Harita maddesi tartışmaya sebep oldu
Öte yandan yasada yer alan bir diğer maddede "yasa kapsamındaki fonların Tayvan'ın sosyal ve ekonomik sistemini yanlış betimleyen haritaların üretilmesi, sipariş edilmesi veya sergilenmesi için kullanılamayacağına" yönelik ifadeler de Çin'in eleştirisine sebep oldu.
Cao, ABD'nin Tayvan haritasını öne sürerek siyasi manipülasyon amaçladığını, "tek Çin" yerine "iki Çin" veya "Çin ve Tayvan"ın bulunduğu izlenimini yaratmaya çalıştığını öne sürdü.
Tayvan'ın Çin'in ayrılmaz parçası olduğunu vurgulayan Cao, "Doğru harita bu gerçeği temel almalıdır. ABD'yi, 'Tayvan kartını' oynamanın, ateşle oynamakla eşdeğer olduğu konusunda uyarıyoruz. Bu tavır, yalnızca Tayvan'ı tehlikeli duruma sürüklemekle kalmayacak, ABD tarafı için de katlanılmaz sonuçlara yol açacaktır" ifadelerini kullandı.
Çin-Tayvan anlaşmazlığı
Çin'de İkinci Dünya Savaşı'nın ardından çıkan iç savaşta Mao Zedong liderliğindeki Çin Komünist Partisinin (ÇKP) 1949'da iktidarı ele geçirmesi ve Çin Halk Cumhuriyeti'nin kuruluşunu ilan etmesi üzerine Çan Kayşek liderliğindeki Çin Milliyetçi Partisi (Kuomintag) üyeleri, Tayvan'a yerleşip 1912'de kurulan "Çin Cumhuriyeti" iktidarının Ada'da devam ettiğini ileri sürerek bağımsızlık ilan etmişti.

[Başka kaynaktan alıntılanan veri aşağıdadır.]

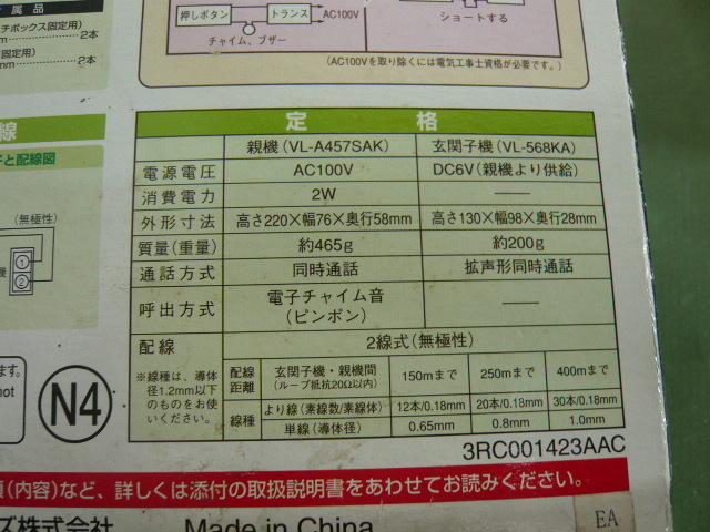 A252◆Panasonic インターホンセット VL-A157SAKP◆未使用保管品◆Y

Bu girişim, Çin tarafından kabul edilmese de Tayvan temsilcileri, 1971'e kadar Birleşmiş Milletler (BM) Genel Kurulunda Çin'i temsil etmişti. 1950'ler ve 1960'larda çok sayıda ülkenin diplomatik ilişki tercihini Çin Cumhuriyeti'nden Çin Halk Cumhuriyeti'ne çevirmesinin ardından 1971'de BM Genel Kurulunda yapılan oylamada, Pekin hükümetinin Çin'in tek meşru temsilcisi kabul edilmesiyle Tayvan'ın uluslararası örgütlerdeki konumu belirsiz hale gelmişti.
Pekin yönetimi, "Tek Çin" ilkesini benimseyerek Tayvan'ın kendi topraklarının parçası olduğunu savunuyor. Çin, boğaz ve çevresindeki askeri varlığının yanı sıra Tayvan'ın dünya ülkeleriyle müstakil diplomatik ilişkiler kurmasına, BM'de ve diğer uluslararası kuruluşlarda temsil edilmesine karşı çıkıyor.